• **Task objective**
Every line below from the one with "미국식 반짝이 장식 숄더" through the one with "Selling a variety" is to be repeated exactly, with no picture among them.

• **Dataset entries**
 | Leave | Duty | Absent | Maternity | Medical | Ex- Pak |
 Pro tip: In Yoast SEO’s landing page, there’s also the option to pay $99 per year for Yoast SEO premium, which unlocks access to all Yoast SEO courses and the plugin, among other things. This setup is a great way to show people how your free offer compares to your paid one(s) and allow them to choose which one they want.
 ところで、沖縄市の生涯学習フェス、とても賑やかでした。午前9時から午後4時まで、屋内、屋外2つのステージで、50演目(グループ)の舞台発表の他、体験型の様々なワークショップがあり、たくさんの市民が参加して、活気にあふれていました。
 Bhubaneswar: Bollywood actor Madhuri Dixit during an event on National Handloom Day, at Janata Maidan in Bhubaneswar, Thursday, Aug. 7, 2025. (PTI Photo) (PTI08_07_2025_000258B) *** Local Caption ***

* * *

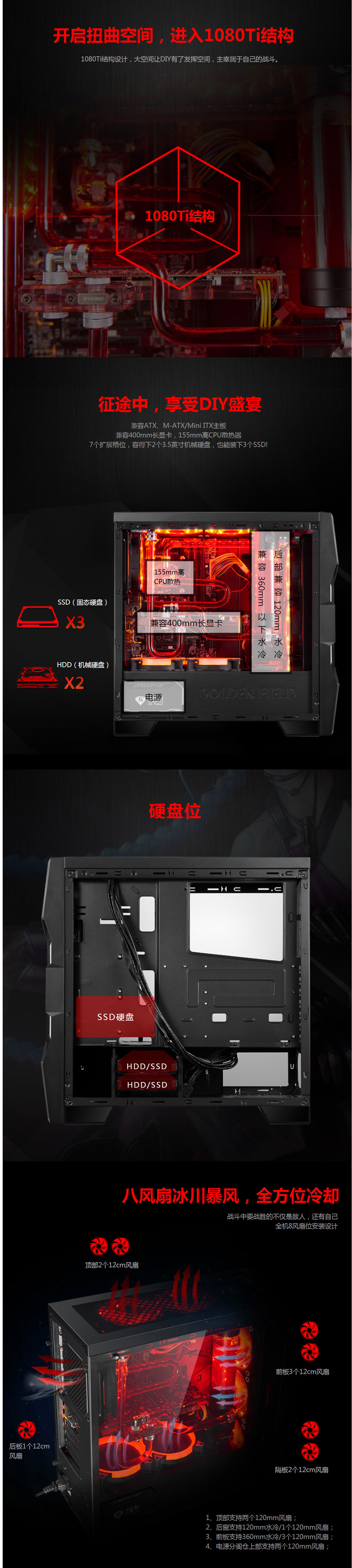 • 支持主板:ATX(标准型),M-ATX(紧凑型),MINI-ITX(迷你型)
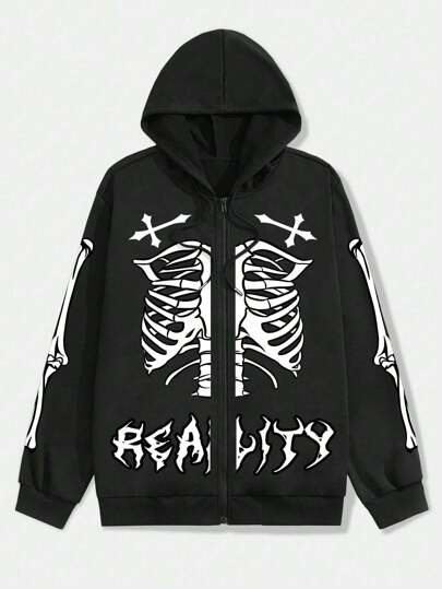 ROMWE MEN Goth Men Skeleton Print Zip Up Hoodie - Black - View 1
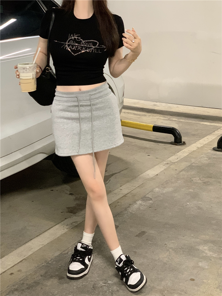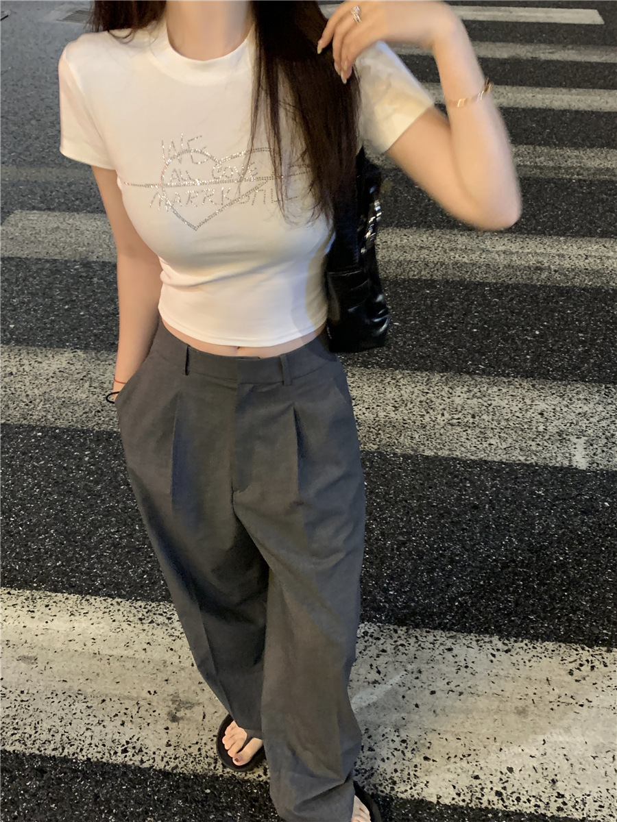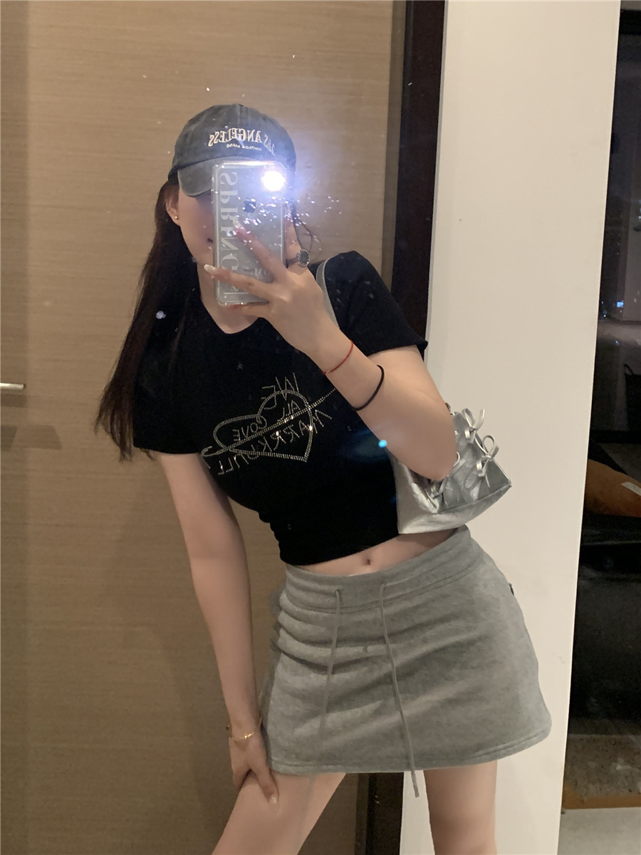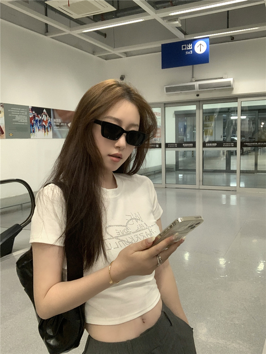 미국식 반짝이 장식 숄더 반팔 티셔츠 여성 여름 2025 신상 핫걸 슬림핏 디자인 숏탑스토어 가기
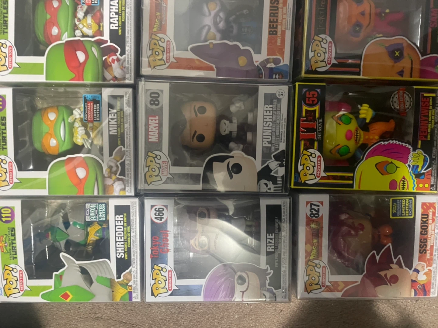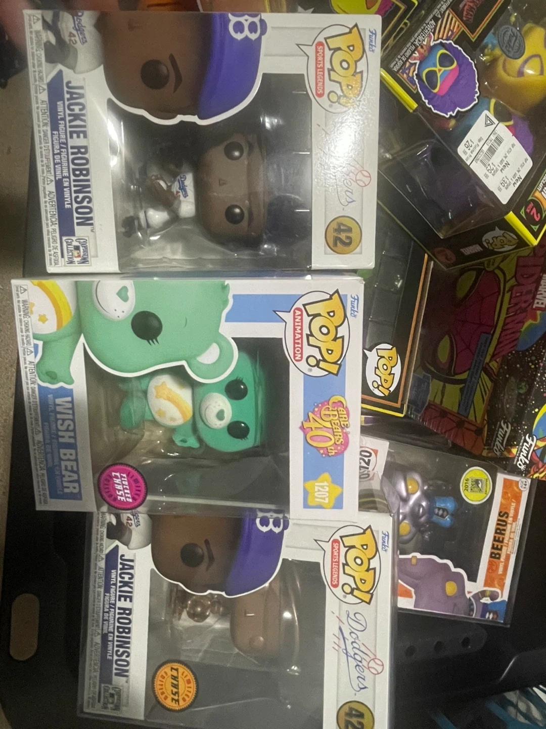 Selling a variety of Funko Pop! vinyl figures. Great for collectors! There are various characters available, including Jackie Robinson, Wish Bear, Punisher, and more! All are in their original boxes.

* * *

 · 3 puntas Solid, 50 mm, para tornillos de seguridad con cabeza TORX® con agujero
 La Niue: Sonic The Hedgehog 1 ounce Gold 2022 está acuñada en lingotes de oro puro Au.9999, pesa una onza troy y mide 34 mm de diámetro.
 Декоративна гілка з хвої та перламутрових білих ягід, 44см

• **Exercise answer**
 미국식 반짝이 장식 숄더 반팔 티셔츠 여성 여름 2025 신상 핫걸 슬림핏 디자인 숏탑스토어 가기
 Selling a variety of Funko Pop! vinyl figures. Great for collectors! There are various characters available, including Jackie Robinson, Wish Bear, Punisher, and more! All are in their original boxes.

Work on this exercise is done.